I was recently working with a customer that wanted to migrate to the Veeam Availability Suite. They had an Enterprise SAN solution that they were using for booting their VMware ESXi hosts, in addition to storing their workloads on. The customer’s virtual estate was large, with some servers that were highly transactional, and a great candidate for storage snapshots.
Everything was going well, until I performed the storage integration with Veeam, and hit a severe issue. after performing the storage rescan, all of the ESXi hosts within the cluster suffered a PSOD near simultaneously. I’ve certainly never seen that before, and upon asking all of my peers in the wider Veeam community and even some Veeam technical contacts, NOBODY had seen this before.
The Culprit:
The issue thankfully was not one that required much troubleshooting to discover what was going wrong. Each of the ESXi hosts were complaining about seeing duplicate filesystem UUIDs. So, how did this happen?

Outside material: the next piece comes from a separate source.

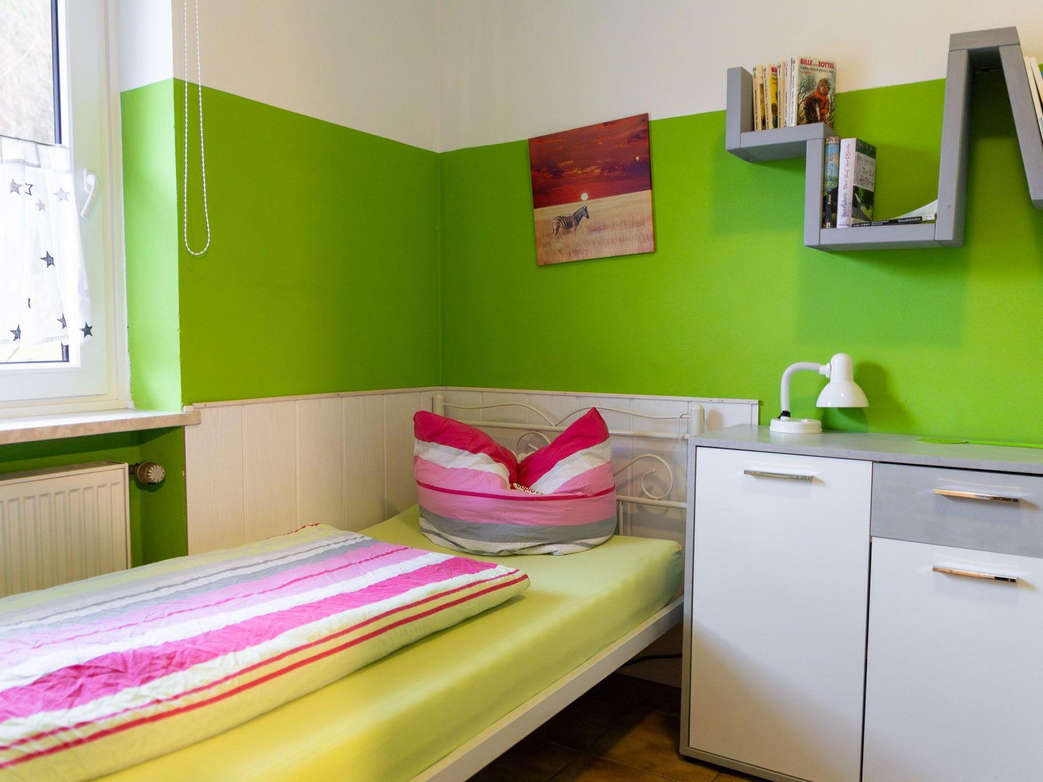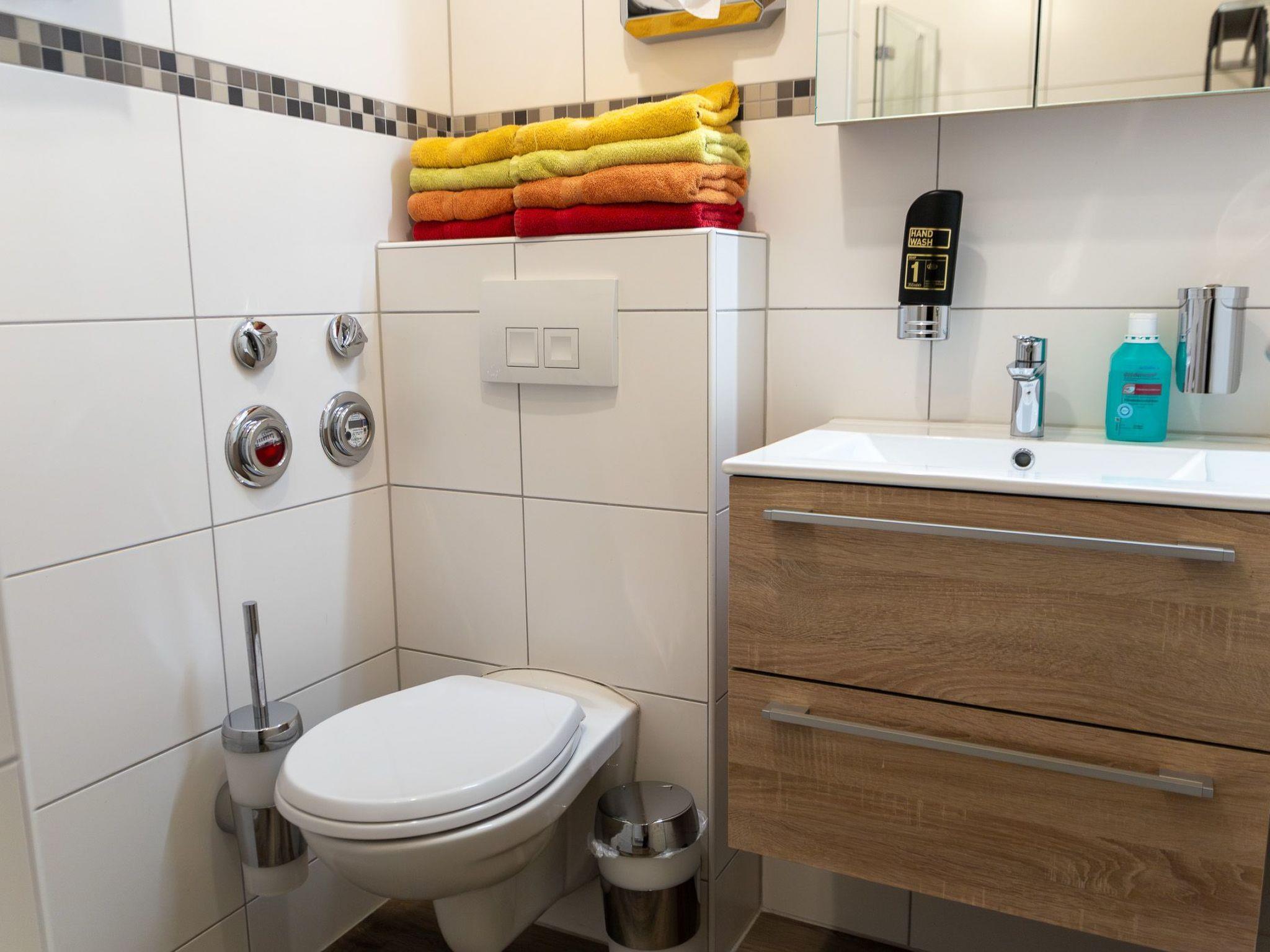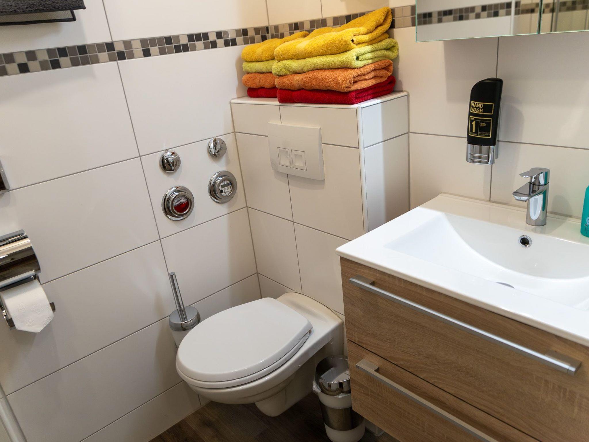 The apartment hallway with a rustic cupboard provides access to the two bedrooms, the living and dining room and the shower room with a WC. The first bedroom is furnished with a double bed ((140 x 200cm), while the second has two single beds (80 x 200cm) that can also be joined together. The centrepiece of the apartment is the living and dining room with a sofa with a recamiere for relaxing after a day trip. Satellite TV provides entertainment in the evening. You can dine together at the dining table with four chairs. The well-equipped, integrated, built-in kitchen includes an electric stove with four rings and an oven, a fridge, a dishwasher, a coffee machine, toaster and kettle.

Veeam’s documentation suggests that separate initiator groups should be used when utilising Storage Snapshot functionality, however if you have Boot from SAN on the same storage array, this really should be mandatory.
Why CAN this Combination break VMware?
If you’re not putting your Veeam proxies into their own initiator group, then you’re putting them into another initiator group, and if you’re working with VMware, odds are this is the initiator group you’ve chosen to share with Veeam.
As a bit of background information, when you integrate the storage array, all of the LUNs within your included scope will be scanned by Veeam. Veeam will also use any API integrations to look for existing snapshots against these LUNs, and request the storage array to present it to your initiator group. Veeam documentation also states it will create and delete snapshots on these LUNs during the discovery process, though in reality I’ve seen this to be inconsistent.
The important point to take from the above though is that because Veeam requests the LUN gets mounted to the entire initiator group to which its proxies belong, this causes the ESXi servers to receive the snapshot(s) too, and once ESXi receives a snapshot of its filesystem presented back to it, ESXi recognises a duplicate UUID and halts itself for protection.
I’ve found two specific scenarios that trigger this behaviour. Firstly, if you have any snapshots on your boot LUNs, this will be read by Veeam during a storage rescan. Secondly, Veeam can create snapshots via its API permissions, and does so at seemingly random intervals during its storage rescan steps, which themselves are triggered at regular intervals.
Even if you don’t use Boot from SAN, you really should use a dedicated initiator group for your Veeam proxies, then you won’t suddenly stumble upon this issue in the future.